Guillaume Heilles
Emma Benoit

Practical Car Hacking

11th - 12th September 2018 | 2 Days


Guillaume Heilles & Emma Benoit


In the last few years, we have seen many new attacks on cars, but this environment is still hard to get into mainly because the tools are different from classical reversing or hacking tools.

In this training, the car hacking tools will be presented along with many practical sessions to make sure the attendees will be able to redo the attacks later on. We will provide the necessary CAN tools and perform the attacks on real cars. We will also cover the basic theory about the CAN bus, so that the attendees can understand what is going on.

*Special gift: attendees will be given a CAN transceiver / controller and an OBD cable to be able to replay the attacks using any microcontroller, as soon as they come back. They will need to bring a microcontroller board of their choice during the training to connect to their free CAN transceiver / controller. Any SPI enabled microcontroller should be compatible, but the faster the better! The microcontroller may or may not have a CAN interface, we will handle both cases.

Course Outline

  • Introduction to Car Hacking
    • Overview of this training
  • Locating the CAN bus
    • What is the OBD-2 port, locating it
    • Finding a CAN bus right on the ECUs inside the car
    • Practice: using a diagnostic device
  • CAN bus overview
    • Architecture of a car: multiple CAN busses
    • The gateway, a CAN firewall
    • Electrical implementation of the CAN bus
    • OSI Layer architecture
    • CAN messages: understanding the format
    • ISO-TP
    • UDS
    • Practice: Reading the Vehicle Identification Number, reading the DTCs, clearing the DTCs
  • Architecture of an ECU
    • Hardware: identifying the main components
    • Software
      • Autosar: what is it, where does it come from ? Presentation of its architecture
      • The security modes of an ECU
        • Normal
        • Security session
        • Factory session
    • Practice session: understanding an ECU's PCB
  • Breaking into security sessions
    • Brute force
    • Side channel attacks
    • Reverse engineering
      • of the ECU's firmware
      • of a diagnostic software
    • Practice session: write a brute-forcer
  • Discovery of CAN messages for your car
    • Understanding UDS standard messages
    • Discovering proprietary messages
    • Practice session: capturing CAN messages from a professionnal diagnostic device
  • Replay attacks
    • Replaying CAN messages
    • Practice session: open the doors of your car
  • CAN spoofing
    • Is there a message integrity?
    • What are message counters
    • Practice session: modify the speedometer
  • CAN fuzzing
    • Disclaimer
    • Analyzing captured messages
    • Custom fuzzer
    • Practice session: fuzzing a specific ECU
  • ECU reprogramming
    • Dumping the firmware
      • Flash resoldering
    • Quick analysis of a firmware
    • Reprogramming the firmware
    • Practice session: dumping a firmware
  • ECU firmware reverse engineering
    • Architecture of a legacy firmware
    • Architecture of an Autosar firmware
    • Finding the right entry points
    • Practice session: reversing a firmware
  • Opensource tools and references
    • Candump
    • Canmonitor
    • Where to find other tools
  • Other busses
    • LIN
    • FlexRay
    • Ethernet
    • WiFi
    • USB
    • 3G

Who should attend

  • Security researchers
  • Car equipments designers
  • Hackers interrested in cars

Prerequisite knowledge

  • Basic knowledge of programming (C, python)
  • Basic knowledge of Linux
  • Basic knowledge of firmware reversing is a plus, but not required

Hardware / Software Requirements

  • Laptop with WiFi
  • SSH client
  • A reverse engineering software is a plus
  • A smartphone with Torque Free installed


Guillaume Heilles is a security engineer at Quarkslab.

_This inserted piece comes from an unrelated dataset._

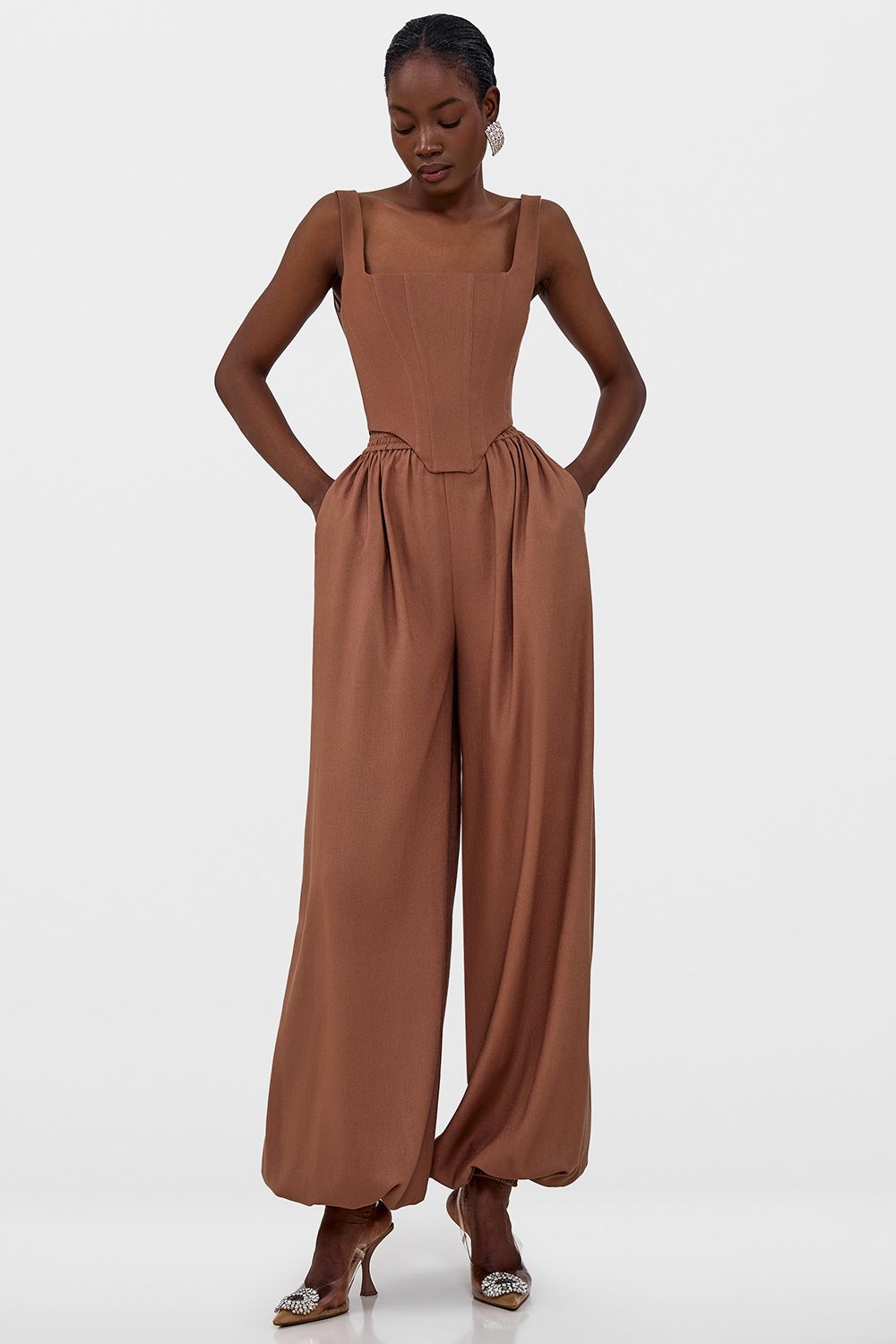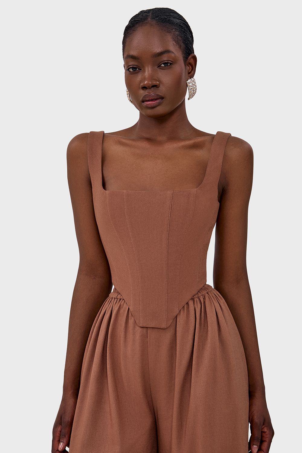 Корсетный топ, выполненный из легкой ткани, идеально подчеркивает талию, создавая изящный силуэт. Прямой крой верха с квадратным вырезом добавляет образу нотку современной элегантности. Состав: 70% вискоза, 30% лен; подкладка: 95% полиэстер, 5% эластан

He's mainly focused on hardware attack s on IoT devices, but also on reverse engineering and exploitation. He has presented the hardware CTF at in 2017 & a talk on How to drift with any car at 3r4th CCC 2017.

Emma Benoit Emma is a hardware hacker and security researcher at Quarkslab. She graduated with an MSc in computer science in 2014. She learned about reverse engineering through the Blackhoodie workshop before discovering a passion for hardware hacking.

She gave talks with a focus on hardware and helped to run the hardware CTF at Nullcon in 2018. She likes exotic architectures, (de)soldering stuff, dumping memories and (de)constructing PCBs.